Today’s binary-input papers (INTERLYSE-RUN-STATUS papers #2/#3/#4)
require a manual workaround: convert
.xlsx/.rds/.sav/.dta
to CSV outside the app, place the CSV in examples/, and
point the R code at it. This is a hard barrier: any paper using a binary
input format fails on first paste, and there’s no in-app path
forward.
Today’s worker also has no story for files written by
R: ggsave(), write.csv(),
writeLines(), etc. produce files in the worker’s VFS that
die silently when the worker terminates. Replication papers routinely
write tables and figures to disk; users have no way to retrieve
them.
This session bridges both directions. Uploaded files (binary and
otherwise) get mirrored into the WebR worker’s VFS so opaque R code can
read them; files written by the worker get surfaced in an artifacts
panel so users can download them.
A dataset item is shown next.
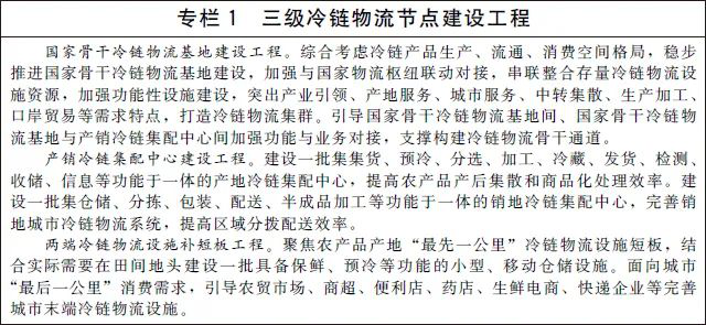 ——基础设施更加完善。依托农产品优势产区、重要集散地和主销区,布局建设100个左右国家骨干冷链物流基地;围绕服务农产品产地集散、优化冷链产品销地网络,建设一批产销冷链集配中心;聚焦产地“最先一公里”和城市“最后一公里”,补齐两端冷链物流设施短板,基本建成以国家骨干冷链物流基地为核心、产销冷链集配中心和两端冷链物流设施为支撑的三级冷链物流节点设施网络,支撑冷链物流深度融入“通道+枢纽+网络”现代物流运行体系,与国家物流网络实现协同建设、融合发展。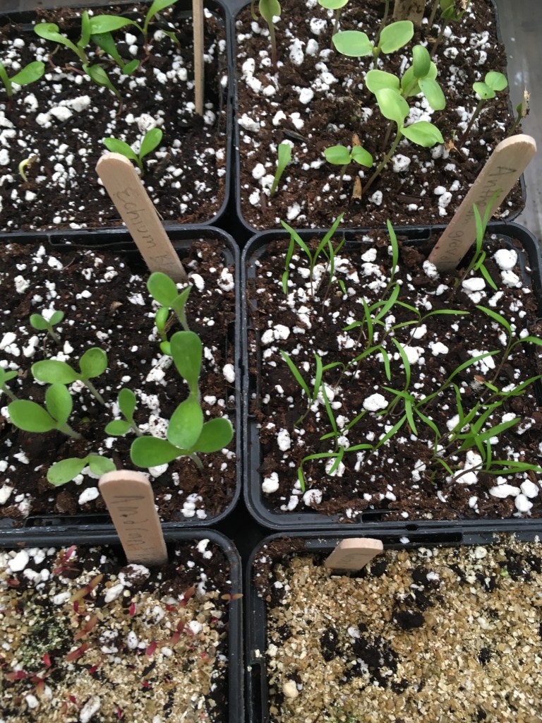 Althea Cannabina was sown on the 12th September, the seed tray sat in my greenhouse and nothing happened. I was reminded that it needed stratifying to germinate ( i.e a cold period to break dormancy). It was put outside, open to the elements, and look what happened , it has germinated – I am truly delighted. This plant will grow in excess of 2.5m and has the tiny pink and white mallow flowers, that last late into autumn. It is a stunner. It may not reach this heady height this year, but I am prepared to wait.

The is.data.frame probe
added in session 2 already auto-marshals worker results to TS Datasets
when applicable, so the moment read_xlsx(...) succeeds
inside R, the data flows downstream into the existing pipeline
machinery.
A future “editor mode” UI (Scripts/Data side-panels for authoring, separate from replication tree-view) will sit on top of the same workspace store this session establishes; that UI work is split into a follow-up spec.
WorkspaceStore holding path-keyed
Map<string, Uint8Array> for all uploaded files
(regardless of type)..xlsx/.xls/.rds/.rdata/.sav)
extracted from ZIPs into the workspace store (today they’re
discarded).UploadZone.extractFilePath() helper + known-reader registry; produces
referencedFiles: Set<string> on each pipeline
rebuild. Only referenced files get synced to VFS. Includes CSVs —
TS-side data-load consumers don’t trigger sync; only opaque
R code that explicitly does read.csv("foo.csv") does./workspace/<original-zip-relative-path>.WebRRequest carries a
cwd string; worker prefixes eval with
setwd(cwd).originFile threading: AnalysisCall → node
params → WebRRequest.cwd./workspace/; single-file uploads append.originalUploads: Set<string>; after each Run, walk
/workspace/ and surface anything not in the set..xlsx input).WorkspaceView editor UI (Scripts/Data
side-panels for from-scratch authoring) — separate spec, builds on this
workspace store.originFile + existing sourceSpan provide the
data; UI feature is a separate milestone.read_xlsx, read_csv, read.csv,
fread, haven::read_dta,
haven::read_sav, etc.) — promotes them from
webr-opaque to webr-typed with the path as a
typed param. Same shape as every other “additional typed marshaler” in
the WebR backlog; better as a dedicated session that converts all
reliably-data.frame readers in one pass. This session builds the shared
extractFilePath() helper that those marshalers will
reuse.paste0(...)). Defer
until/unless documented breakage shows it’s needed.setwd() emulation (line 72 of BACKLOG)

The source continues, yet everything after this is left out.